*Source data:*
________________________________________
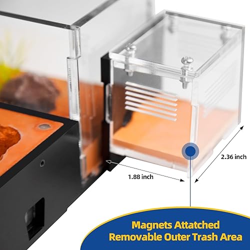Size:The ant nest is composed of activity areas and living areas. Activity area 9.06 inches long, inches high and 4.33 inches wide.Living area 4.5 inches long, 2 inches high, 3.5 inches wide.Living areas also have rockeries and plants to enhance the ornamental aspect
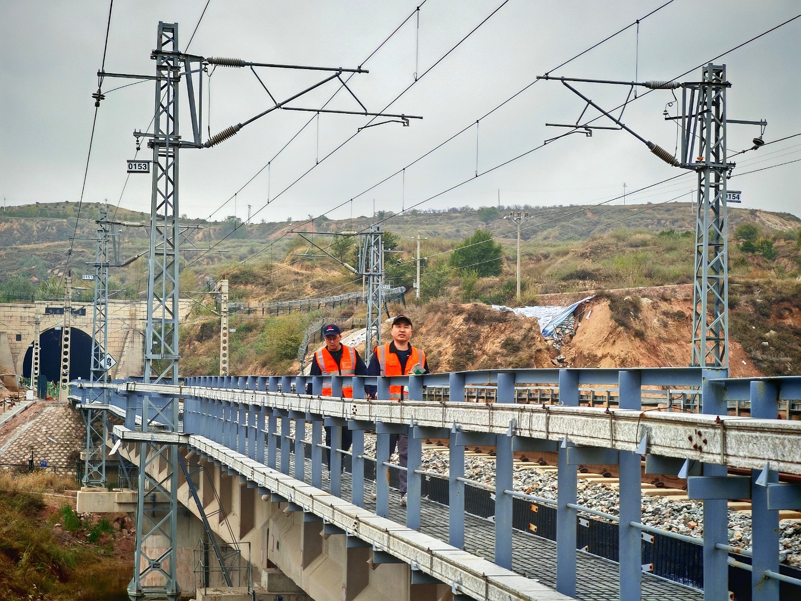 图为应急小组人员徒步通过隧道后在铁路桥上排查应急线路
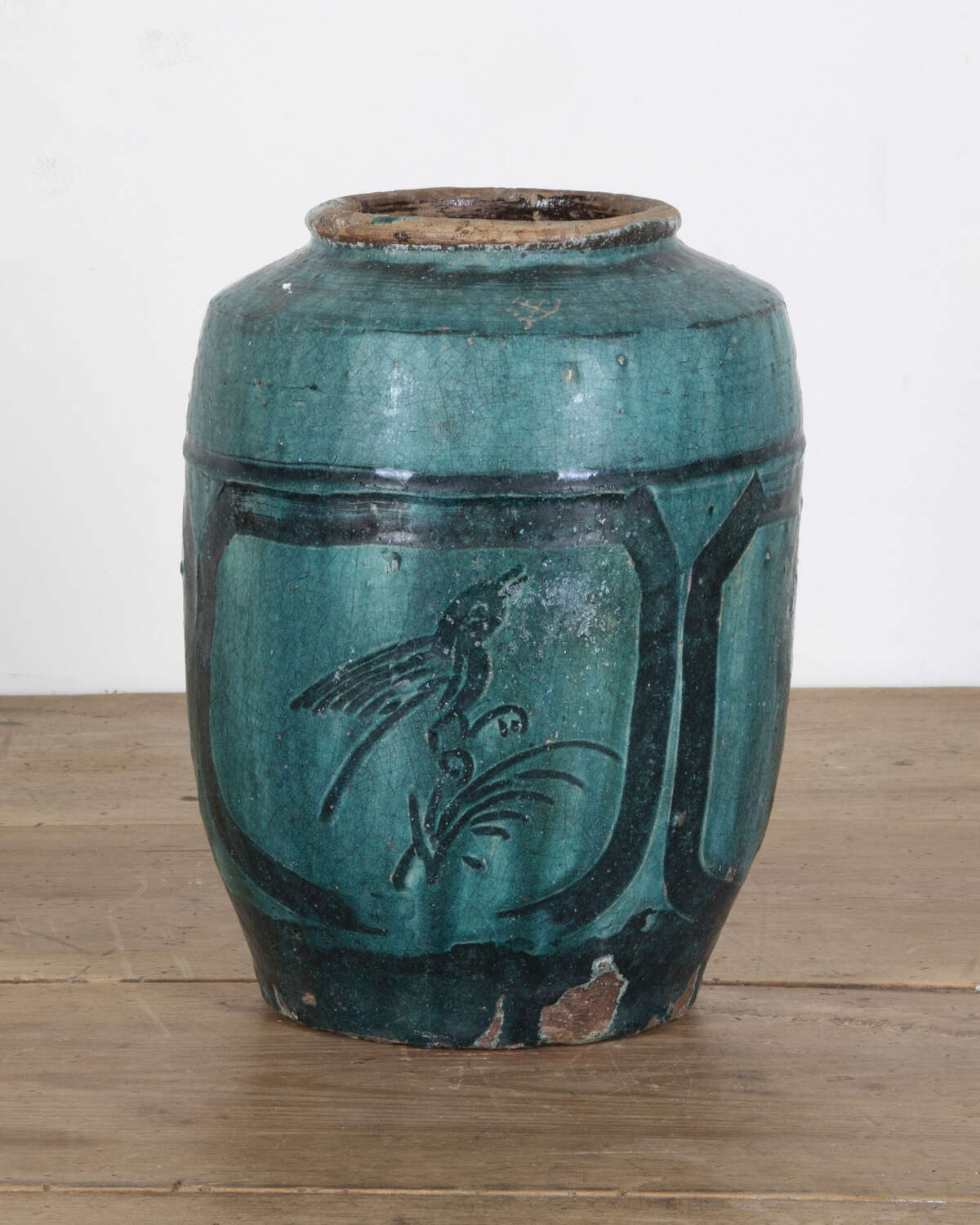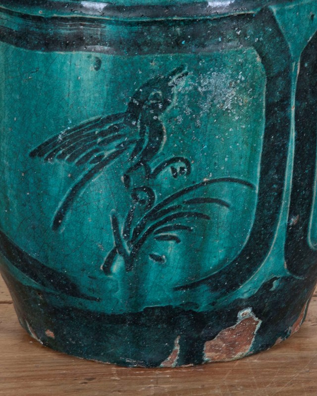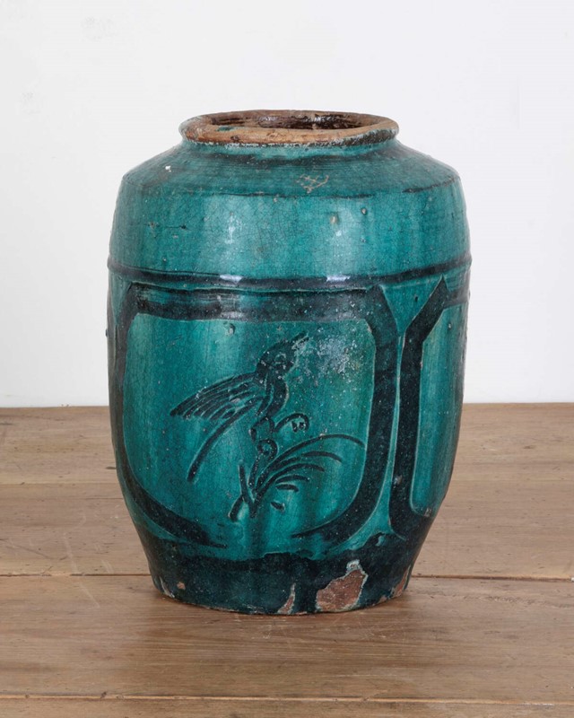 Glazed pottery temple jar, believed to be a 16th Century Chinese Ming Dynasty piece.Hand-detailed panels depicting birds and flowers.
________________________________________
*Task goal:* Return exactly the lines running from the line with "图为应急小组人员徒步通过隧道后在铁路桥上排查应急线路" through the final line of the listing. Leave the pictures out.

*Written reply:*
 图为应急小组人员徒步通过隧道后在铁路桥上排查应急线路
 Glazed pottery temple jar, believed to be a 16th Century Chinese Ming Dynasty piece.Hand-detailed panels depicting birds and flowers.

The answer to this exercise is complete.